Prove that $\frac{n-1}{\sigma^2}S^2 \sim \chi^2_{n-1}$.

Question

Let $\Bbb Y = (Y_1, \cdots, Y_n)' \sim N_n(\Bbb \theta J_n, \sigma^2I_n)$ be a random vector and $S^2=\frac{1}{n-1}\sum\limits_{i=1}^n(Y_i-\bar Y)^2$. Prove, that $\frac{n-1}{\sigma^2}S^2 \sim \chi^2_{n-1}$.

So I could start with writing that $({n-1})S^2=\sum\limits_{i=1}^n(Y_i-\bar Y)^2=\sum\limits_{i=1}^nY_i^2-n\bar Y^2=Y'Y-\frac{1}{n}Y'J_nJ_n'Y=Y'HY$ where $H$ is a symetric idempotent matrix, so it gives me $(HY)'HY$ and I would be much happier if $HY \sim N(0,I_n)$. If $H$ was orthogonal I could then write that $HY \sim N(H\theta J_n, \sigma^2I_n)$ and dividing it by $\sigma^2$ would almost give me a desired distribution.

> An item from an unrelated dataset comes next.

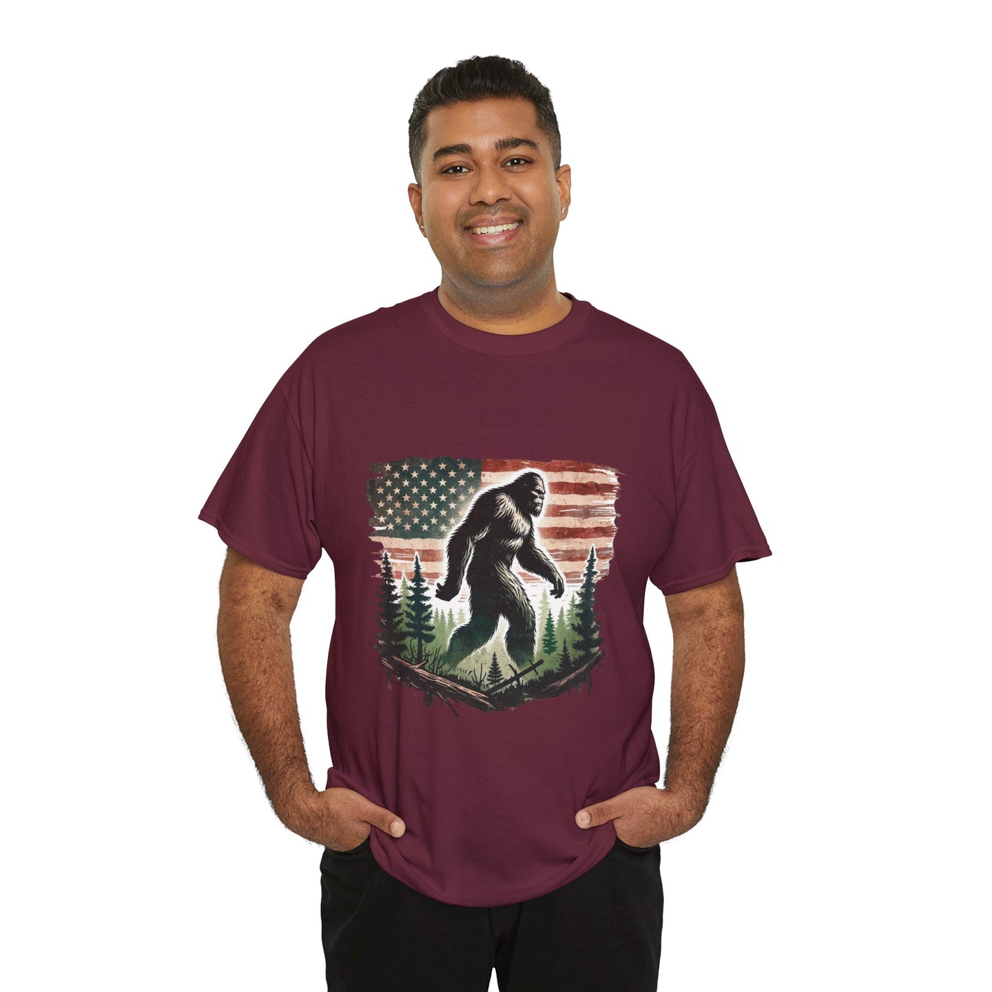 - Design: Bigfoot silhouette striding through a pine forest against a distressed American flag for a vintage, outdoorsy look
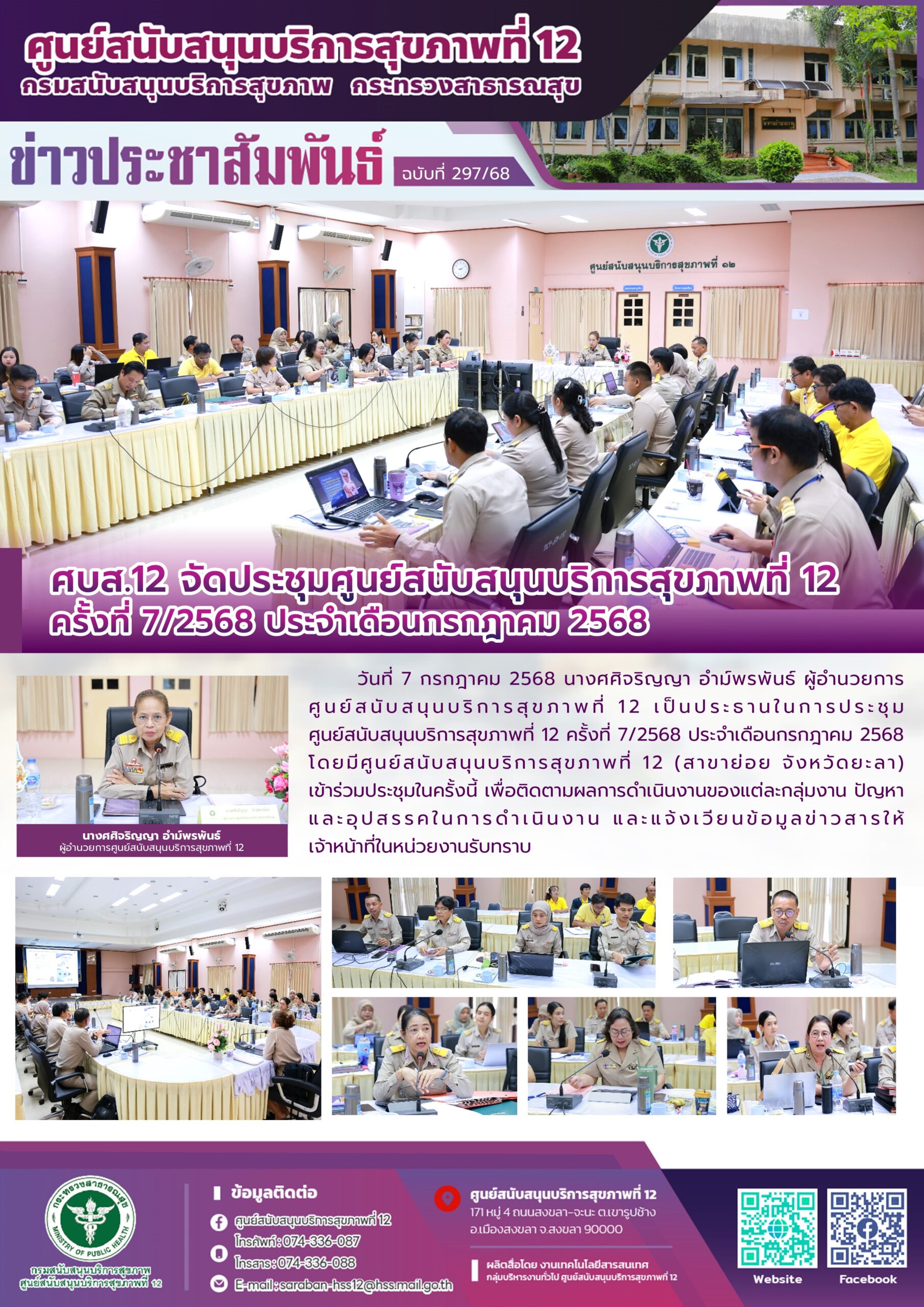 ศบส.12 จัดประชุมศูนย์สนับสนุนบริการสุขภาพที่ 12 ครั้งที่ 7/2568 ประจำเดือนมิถุนายน 2568

The other idea is to somehow standarize my random variable $Y_i \sim N(\theta_i,\sigma^2)$, but I don't really know how it is distributed if I subtract the sample mean instead of $\mu$.

Answer 1

Let $Z \sim N_n(0 J_n, I_n)$ so that $Y = \theta J_n + \sigma Z$.

Note that $Y'HY = \sigma^2 Z' H Z$ because $H J_n = 0$. It then suffices to show $Z'H Z \sim \chi^2_{n-1}$.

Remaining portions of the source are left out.